- Artist: Helaine Blumenfeld
- Year: 1983
- Type: Norwegian blue granite
- Dimensions: 150 cm × 69 cm (largest piece is approx. 89 in × 58 in × 27 in)
- Location: E. Wisconsin Ave. between N. 3rd St. and N. 4th St., Milwaukee; 43°2′20.393″N 87°54′53.228″W﻿ / ﻿43.03899806°N 87.91478556°W;
- Owner: Administered by Federal Plaza Associates

= Family (Blumenfeld) =

Sculpture by Helaine Blumenfeld

Family is a public artwork by American artist Helaine Blumenfeld located on the Henry Reuss Federal Plaza, which is in downtown Milwaukee, Wisconsin, United States. The sculpture is made from Norwegian blue granite. It consists of five forms, with the largest form measuring approximately 89 x 58 x 27 inches. Family was installed in the Henry Reuss Federal Plaza in 1983.

==Description==
The granite sculpture was commissioned to Helaine Blumenfeld for the plaza in front of the then in-construction Henry S. Russ Federal building. The artwork consists of five abstract biomorphic blue granite forms which sit in a circle. The sculptures are movable and the public is encouraged to climb, touch and rearrange the works periodically.

==Information==
Family is located on the Henry Reuss Federal Plaza and tied to the building it sits in front of. The building was the brainchild of US House member Henry S. Reuss. He believed it would encourage the development of downtown Milwaukee, as well as group thirty federal agencies under one roof. When Reuss made the plans for the new building public, he announced that there would be no federal money given for artwork, explaining that an anonymous donor had offered to donate an outdoor sculpture. Blumenfeld was thus privately commissioned to create Family in the late 1970s. She selected 68 tons of Norwegian blue granite, which she had shipped to Carrara, Italy. Blumenfeld and four assistants proceeded to chisel the five forms. "Family is the first of several of Blumenfeld's multi-component outdoor sculptures. Although her works are abstract, the forms are organic and are intended to symbolize human figures and their relationships. Like members of a family, each of the humanoid figures relates strongly to the others, but retains its separate identity." As the viewer moves the parts, the sculpture changes; the same way that relationships are always changing.

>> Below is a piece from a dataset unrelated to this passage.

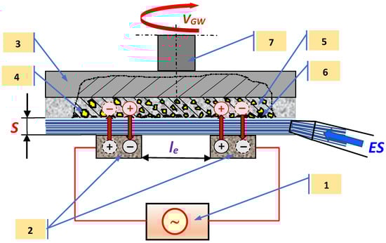 The scheme of the electrochemical dressing of grinding wheel using alternating current (ECDGW-AC): 1—alternating current power supply, 2—carbon electrodes, 3—grinding wheel frame, 4—abrasive grains, 5—metal bond, 6—gumming up products of cutting surface of superhard grinding wheel (CSGW), 7—spindle; VGW—speed of grinding wheel, S—inter-electrode gap, le—distance between electrodes, ES—electrolyte solution of specially selected chemical compounds.

Blumenfeld refers to this evolving relationship stating, "One is sometimes stronger, one is weaker. Looking at a family you see the different values placed on each member at different times. I'm trying to show the dynamic tension in a relationship."

===Acquisition===
The work cost around $250,000 and was funded by two anonymous donors.

==Artist==
Helaine Blumenfeld was born in New York in 1942. She obtained a PhD in philosophy from Columbia University before moving to Paris to work as an assistant in the Cubist sculptor's Ossip Zadkine's studio. She decided to begin sculpting after having interesting vivid dreams and realizing that words were not enough to express what she experienced. Her early works concentrated in transforming a figurative form into a symbolic meaning. Later she began exploring the relationship between more than one form. Blumenfeld believes that sculpture is not about narrative, but is instead centered on experience and process, having the potential to excite the viewer's imagination. She develops her ideas in clay to get a sense of the figure's form before translating them to their final materials. "Blumenfeld's daily practice remains grounded in the working of raw materials, a physical relationship that provides a channel for her imagination. She thrives in the solitary confines of her studio where she can think, dream, experiment and take risks without constraint." The artist relocated to Cambridge, England in 1976. She currently splits her time between Cambridge and her workshop in Pietrasanta, Italy.